Two Releases of Kong Ingress Controller Helm Chart

Hi Kong folks,

We have a use-case where we need to open up multiple HTTP listeners on Kong proxy with different configuration. Our use-case requires plain-text listeners using HTTP1.1 and HTTP2 protocol. Nginx does not support using both protocols on same listener as seen here.

Unfortunately, Kong Ingress Controller Helm chart does not support this, proxy.http.servicePort takes in a string, similar to this. Adding support for multiple servicePorts per service is a bit cumbersome since Kong chart uses the same configuration for many components, not only the HTTP proxy.

To get around this limitation we decided to deploy two instances of Kong Helm chart with different proxy.http.servicePort values. Each deployment of Kong has two proxy listener ports with two corresponding NodePorts that get traffic direct from an NLB, which in turn redirect traffic to the proxy listener port depending on the port specified in the request URL. The two Kong deployments are of the same class and should both satisfy all Ingress records.

For example:

  • (HTTP1.1) → NLB port 80 → NodePort port 30000 → kong-proxy1 Service → kong-proxy1 container HTTP1.1 listener
  • (HTTPs) → NLB port 433 → NodePort port 30001 → kong-proxy1 Service → kong-proxy1 container HTTP2+ssl listener
  • (HTTP2) → NLB port 3001 → NodePort port 30002 → kong-proxy2 Service → kong-proxy2 container HTTP2 listener
  • (HTTPs) → NLB port 3002 → NodePort port 30004 → kong-proxy2 Service → kong-proxy2 container HTTP2+ssl listener

The deployment seems to be working as expect so far on our development environment.
My questions are:

  1. As this setup is a bit unorthodox, do you see any obvious issues?
  2. Could this setup lead to unforeseen race cases?

Thank you,


Multiple instances handling the same Ingress resource will both try to update its status, and the Ingress will only report one or the other’s listener. That may not be an issue since the status by itself is just informational–it could become one if you have something else that needs to use that information, however. The only way around that would be creating copies of each Ingress with a different class and configuring each instance to use that.

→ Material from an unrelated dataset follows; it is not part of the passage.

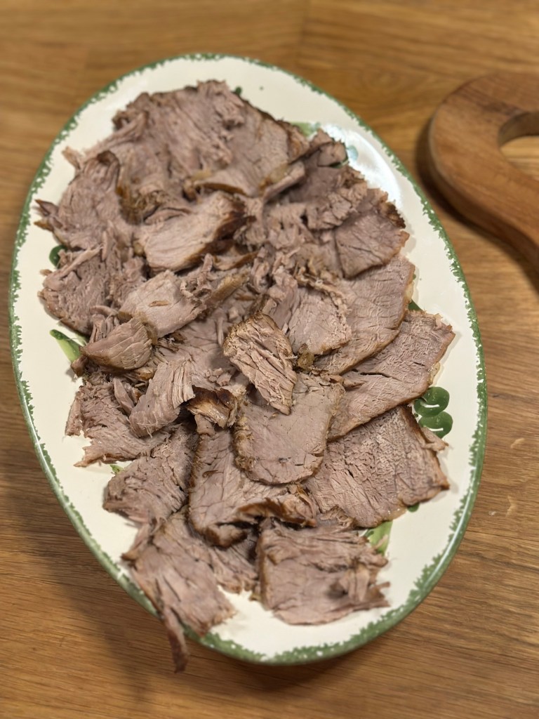 Når kødet er færdigt lægges det på køl, og skæres i tynde skiver når det er helt koldt.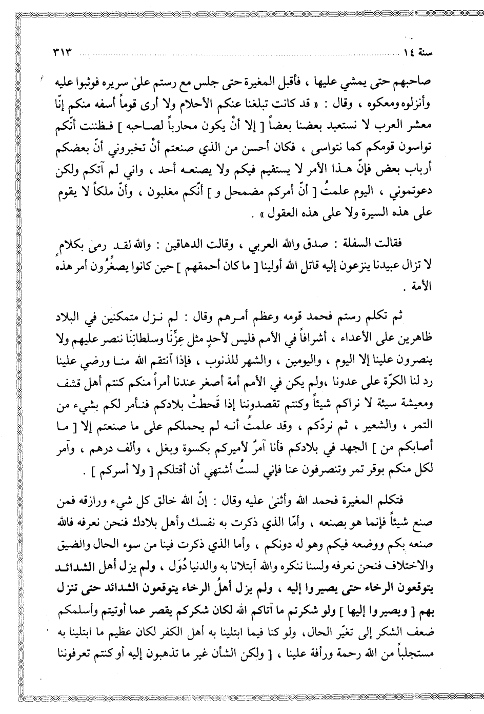 صاحبكم حتى يمشي عليها فأقبل المغيرة حتى جلس مع رستم على سريره فوثبوا عليه وأنزلوه ومعكوه وقال قد كانت تبلغنا عنكم الأحلام ولا أرى قوما اسفه منكم إنا معشر العرب لا نستعبد بعضنا بعضا إلا أن يكون محاربا لصاحبه فظننت أنكم تواسون قومكم كما نتواسى فكان أحسن من الذي صنعتم أن تخبروني أن بعضكم أرباب بعض فإن هذا الأمر لا يستقيم فيكم ولا يصنعه أحد وإني لم آتكم ولكن دعوتموني اليوم علمت أن أمركم مضمحل وأنكم مغلبون وأن ملكا لا يقوم على هذه السيرة ولا على هذه العقول

The chart configuration is designed to simplify the configuration required to set up ports across the Deployment, Service, and Kong listen string configuration at the cost of flexibility. However, you can override the proxy listen it normally generates by setting env.proxy_listen and edit the Deployment an Service ports after creating the release: Helm 3’s diff algorithm will preserve those through upgrades, though you’d need to redo the edits if you delete and re-install. That’s cumbersome, but it will work in a pinch to override the normal auto-generated content without forking the templates.